Several key modifications.

  • Each of the \(d\) attributes in \(\mathcal{D}\) is embedded into a \(k\)-dimensional space

  • (1) Random perturbations added to differentiate attributes

  • (2) Modification to input?

    • Training instance \(\tilde{x}_i\)

      • \(d+1\) tokens with dimension \(k\) …. with Label embedding \(\tilde{y}_i \in \mathbb{R}^k\)
    • Test instance \(x^*\)

      • Label is unknown … Employ dummy label to generate the label embedding \(\tilde{y}^*\)

        (e.g., the average label of the training set)

    • Shape of input = \((N + 1) \times (d + 1) \times k\)

  • (3) Two types of self-attention

    • Over samples (among the \(N + 1\) instances)
    • Over attributes (among the \(d + 1\) dimensions)
  • Output token ( = test instance’s dummy label \(\tilde{y}^{*}\) )

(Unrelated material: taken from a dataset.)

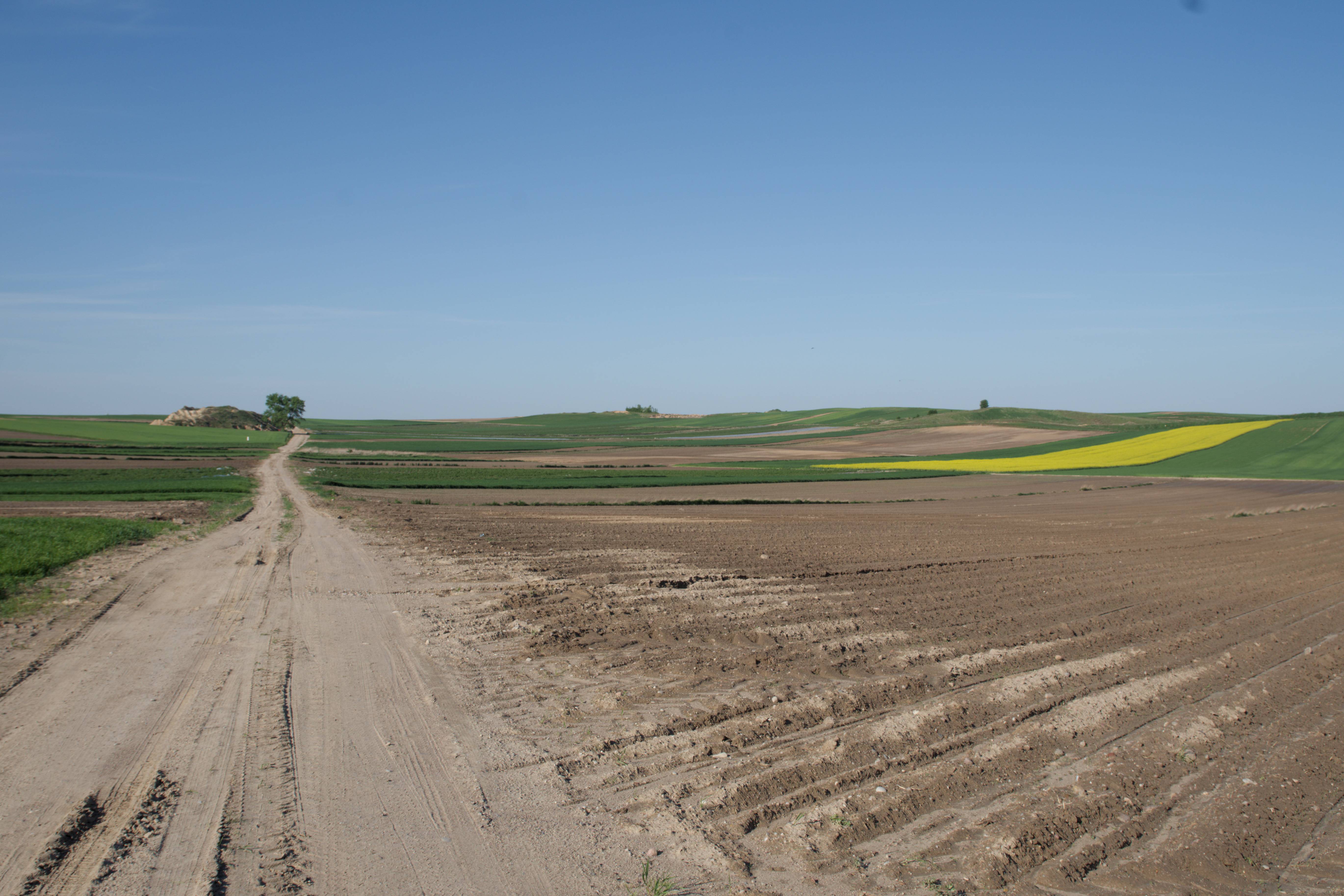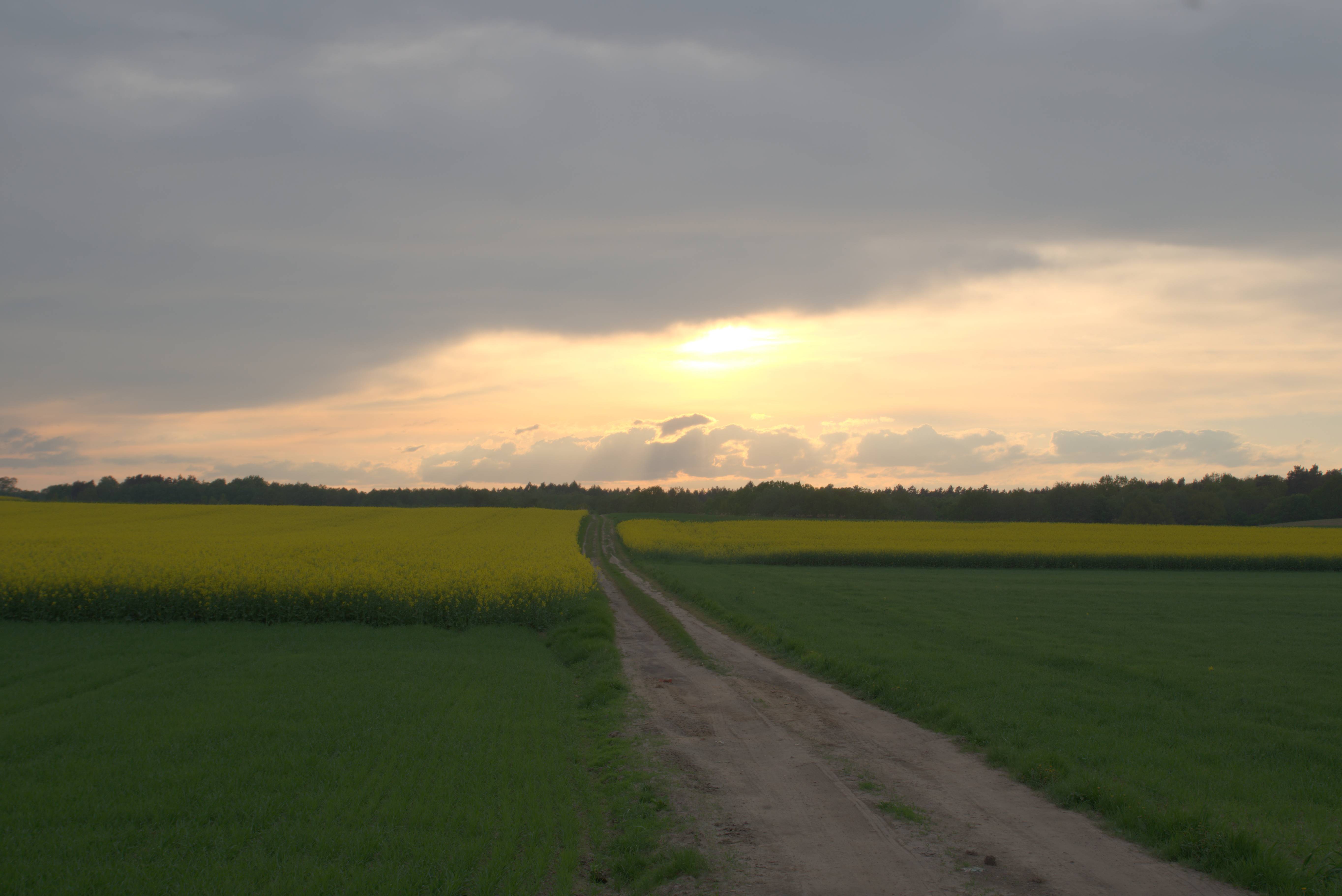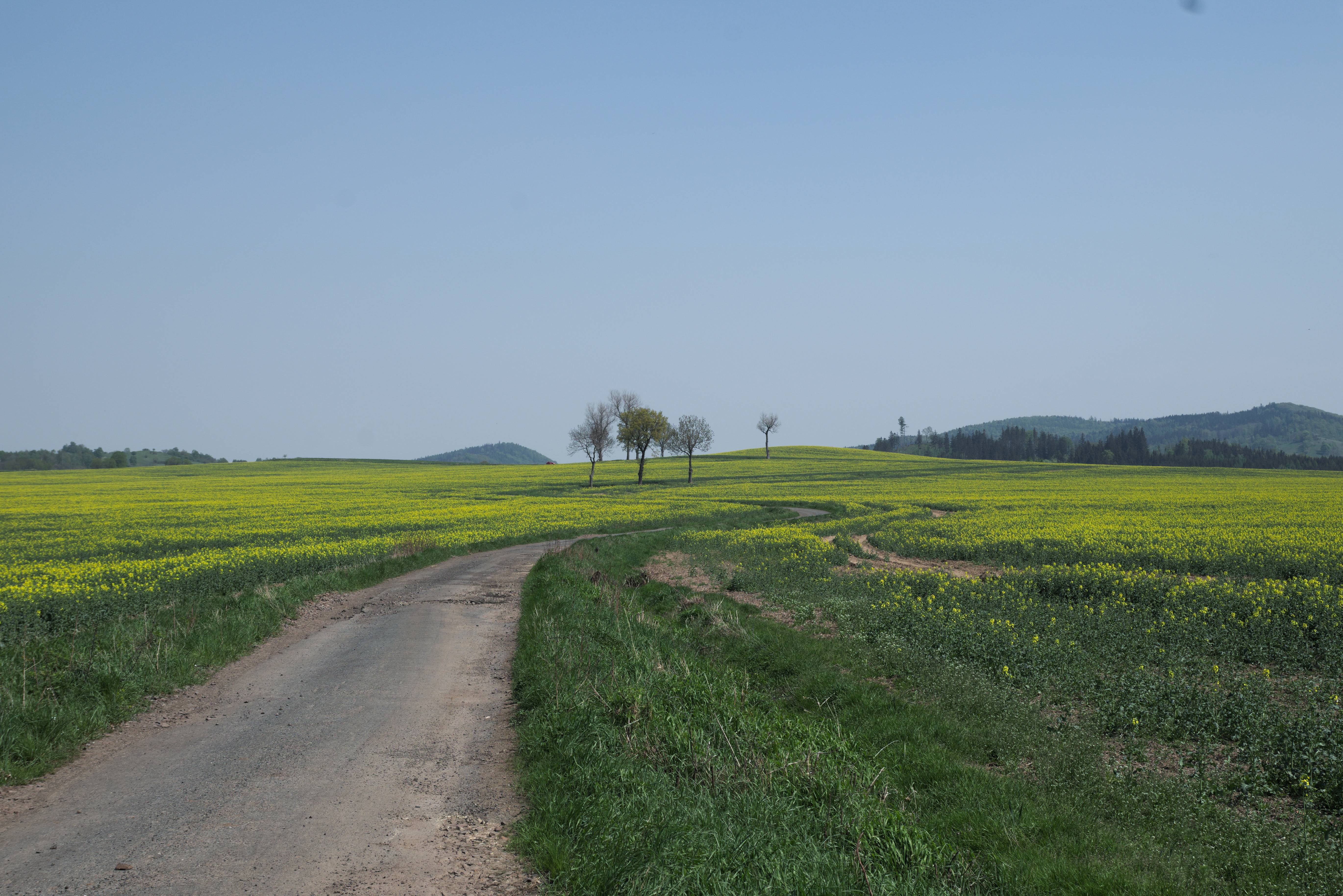 Kwitnący rzepak i asfalt w stanie zaniku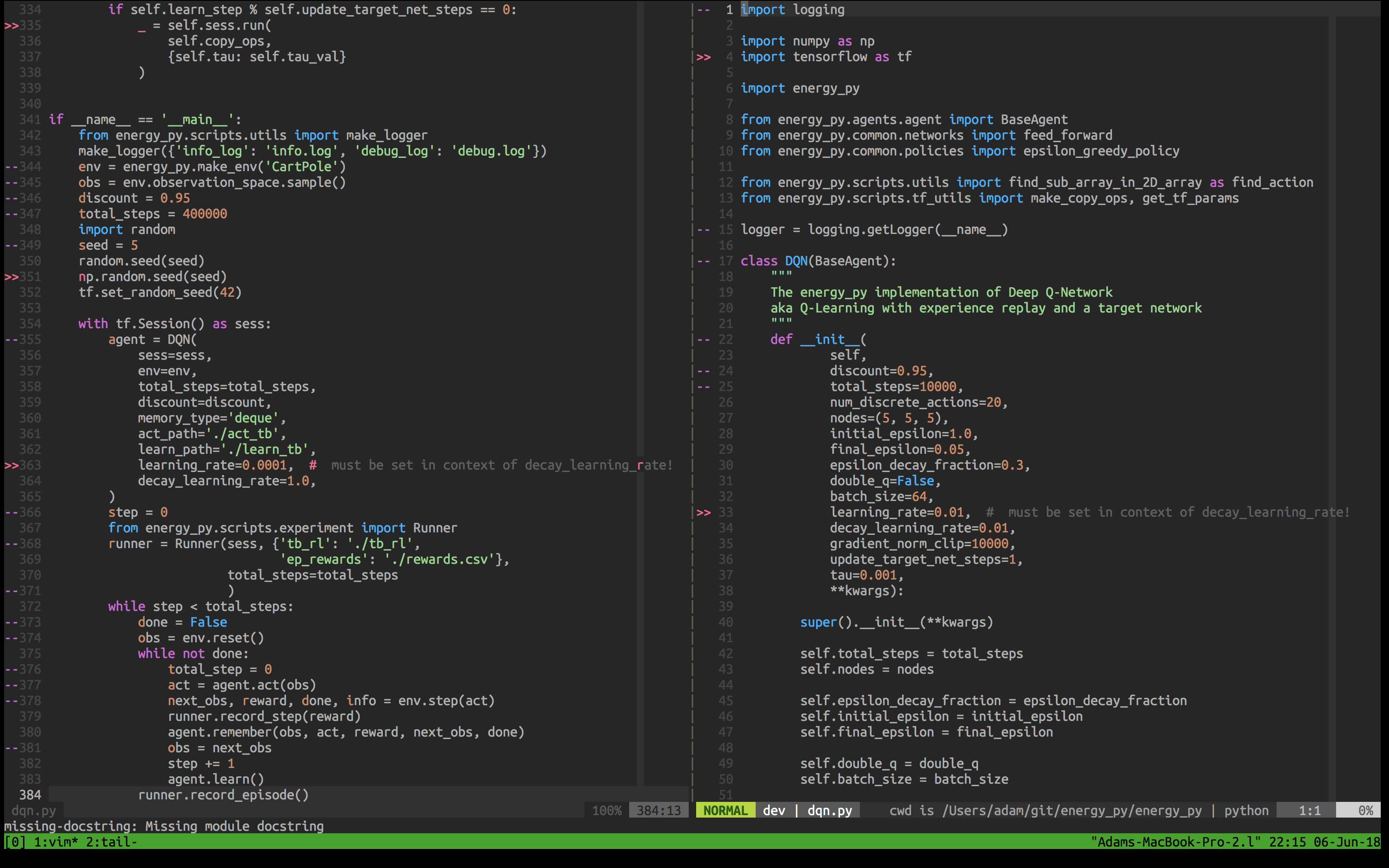 I used two tmux windows, one that kept track of the experiment and another with the energy-py/agents/dqn.py script open for editing in vim. The experiment window shows both the info.log and debug.log. The debug log moves too fast to be viewed but is useful for seeing if the agent is working.

    • Extracted and mapped to a …
      • (1) \(C\)-class logit for classification
      • (2) Single-value logit for regression.

figure2


Pretraining

Pre-trained on diverse synthetic datasets generated using structural causal models (SCMs)


(4) Remark

(Note that many technical details were omitted from the main paper)

Example) Use of randomized tokens was documented in the supplementary material and code


4. Comprehensive Evaluation of TabPFN v2

Extend TabPFN v2’s evaluation (beyond the original set of datasets) to over 300!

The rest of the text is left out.